Crystalwizard writes about...
“Bluebeard’s Wife” was interesting, and I liked the way it was written, though I did see the ending coming.
I’m very confused what it’s got to do with Bluebeard, or even who Bluebeard is. There were several men mentioned, and none was named Bluebeard. The last guy she was married to didn’t even have a beard until the very last second when she mentioned that his beard was coming in nicely.
I also don’t get how Maggie is able to keep the bodies of her former husbands in a secret room in her house for all that time and not have them stinking up the place, unless they’re not dead. But the way the story was written, it appears that she’s killed all of them.

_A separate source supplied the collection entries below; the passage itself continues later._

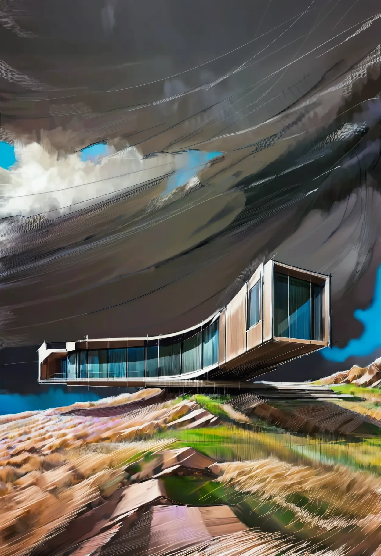 This is a SDXL Lora trained on Kenan Pence artworks presentsing a unique fusion of architectural visualization and digital painting. Kenan Pençe's style appears to be characterized by a bold blend of futurism and expressionism, creating structures that are imaginative and striking. His architectural forms are often angular, fragmented, or sweeping, suggesting movement and fluidity despite their solid appearance.
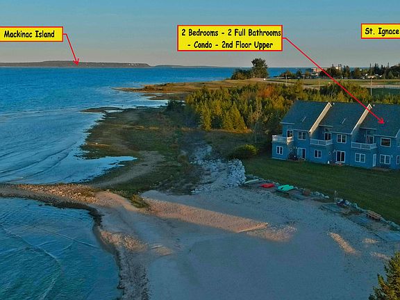 Must see beautiful WATERFRONT condo with breathtaking views of Lake Huron, Mackinac Island, and approximately 300 Ft of natural shoreline. The upper level unit balcony view must be seen to fully appreciate. Offering 1,267 sq ft of living space, the unit offers 2 bedrooms, 2 full baths, and a fantastic open floor plan with killer waterfront views. Offered furnished as shown, just move in, relax on the balcony, a glass of wine, the sound of waves on the shoreline........... what's your dream?
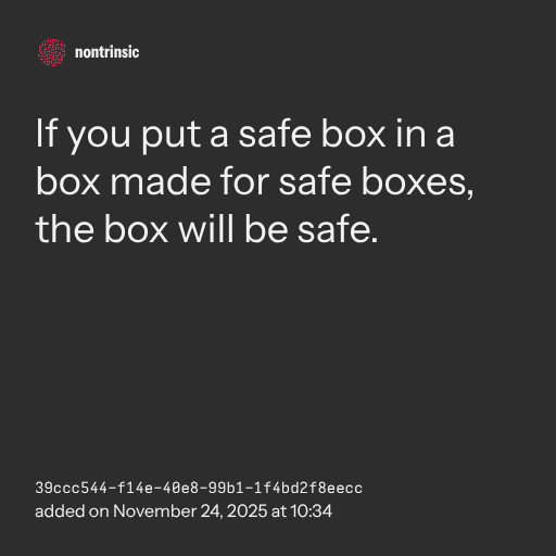 π€ bagikanIf you put a safe box in a box made for safe boxes, the box will be safe.
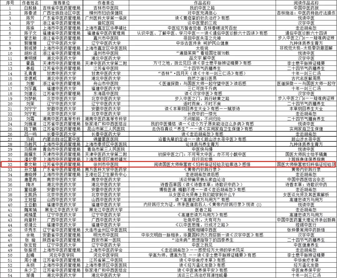 第六届全国悦读中医活动悦读中医好感悟获奖名单(54个)
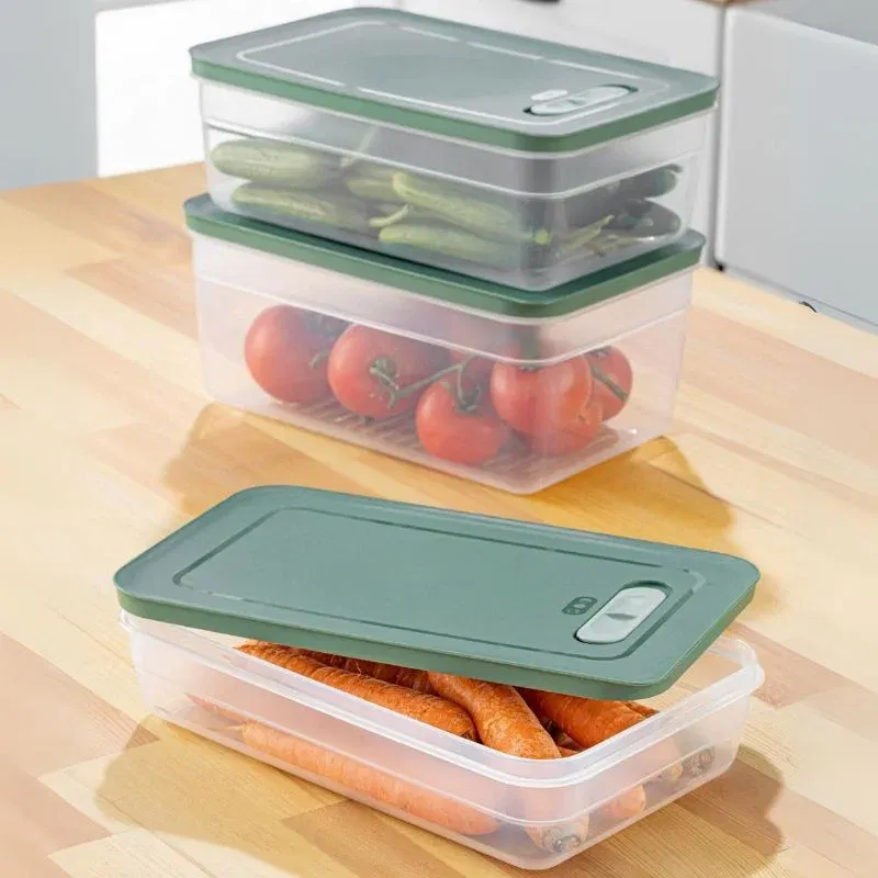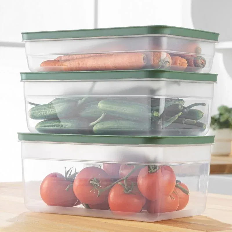 Acest set de cutii de depozitare în culoarea verde este perfect pentru organizarea alimentelor în frigider sau în dulapuri. Setul include trei recipiente de dimensiuni variabile, fiecare dotat cu capac cu sistem de închidere ermetică și ventilare ajustabilă. Designul practic și funcțional permite păstrarea alimentelor proaspete pentru mai mult timp, fiind ideal pentru stocarea legumelor, fructelor sau a altor produse.

And that’s the third thing that I’m confused about. I can understand her deciding to kill the last guy because he demanded to see what was behind the door. But why the first guy? Why any of them? And why keep their bodies after she did so? There are large gaps in the plot that leave me feeling confused.
Copyright © 2007 by Crystalwizard
The Bluebeard legend may date from Charles Perrault — also the creator of “Mother Goose” — in the late 17th century. Folklorists have surmised that Perrault was referring to a real person, the 15th-century nobleman Gilles de Rais (or Retz), who had a castle in Brittany and appears to have been a notorious serial killer.
It is possible to read “Bluebeard’s Wife” from the viewpoint of strict realism. Thus, Maggie James’s secret room would have to be refrigerated in some way, i.e. a meat locker.
However, it is also possible — and perhaps preferable — to read the story from the viewpoint of magic realism, as understood in the broad sense of the term. Thus, the secret room comes to resemble fantastical elements such as one might find in fairy tales or the stories of Jorge Luis Borges.
Maggie’s secret room can thus be seen less as a physical construct — a walk-in refrigerator — than as a metaphor for the memory of disappointed loves.